BEGIN Data extract
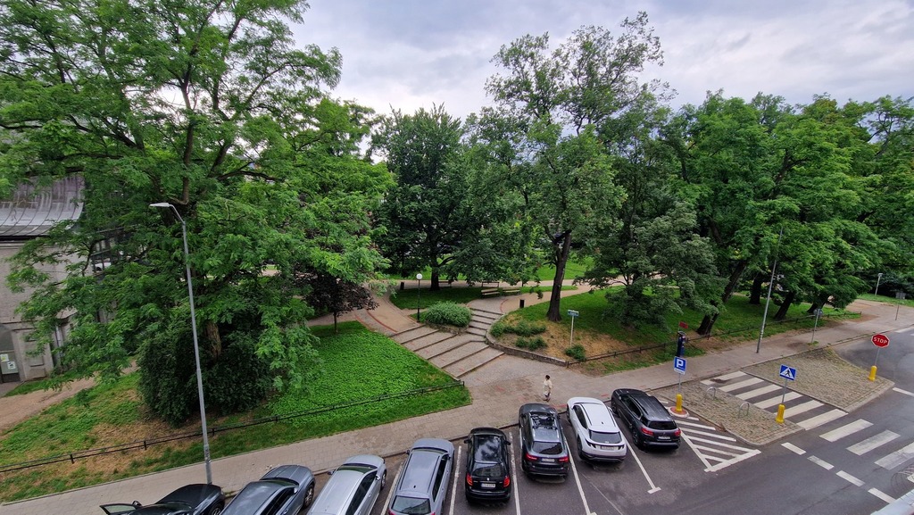 Nieruchomość ogrzewana z pieca gazowego dodatkowo posiada również zamontowaną klimatyzację. Jeden z pokoi biurowych posiada balkon z widokiem na Park Generała Andersa.
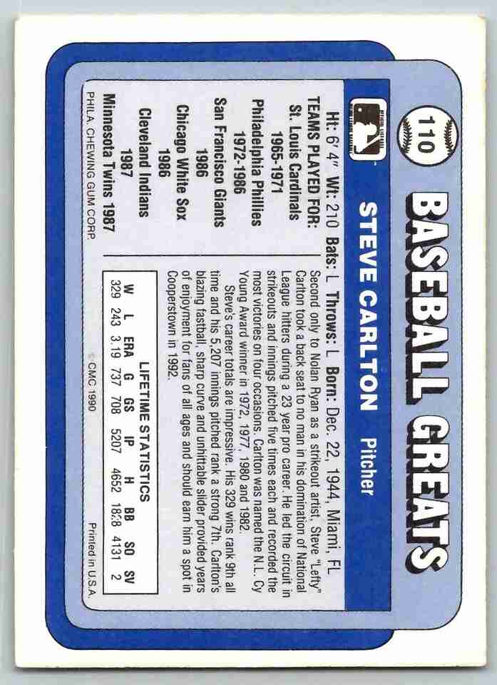 1990 SWELL BASEBALL GREATS STEVE CARLTON ST. LOUIS CARDINALS #110
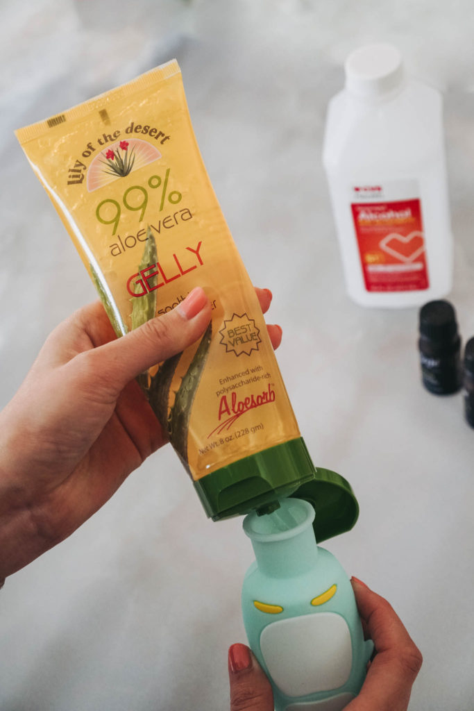 You can put your hand sanitizer mix in either a spray or squeeze bottle. Please be sure to use a toxin-free plastic or glass bottle! We got the penguin bottles on Amazon, but recommend getting a clear bottle like this so you can see how much alcohol you’re pouring in.
END Data extract
▶ **What is required**
Only the pictures in the listing above get left out; print everything else exactly.

▶ **Your response**
 Nieruchomość ogrzewana z pieca gazowego dodatkowo posiada również zamontowaną klimatyzację. Jeden z pokoi biurowych posiada balkon z widokiem na Park Generała Andersa.
 1990 SWELL BASEBALL GREATS STEVE CARLTON ST. LOUIS CARDINALS #110
 You can put your hand sanitizer mix in either a spray or squeeze bottle. Please be sure to use a toxin-free plastic or glass bottle! We got the penguin bottles on Amazon, but recommend getting a clear bottle like this so you can see how much alcohol you’re pouring in.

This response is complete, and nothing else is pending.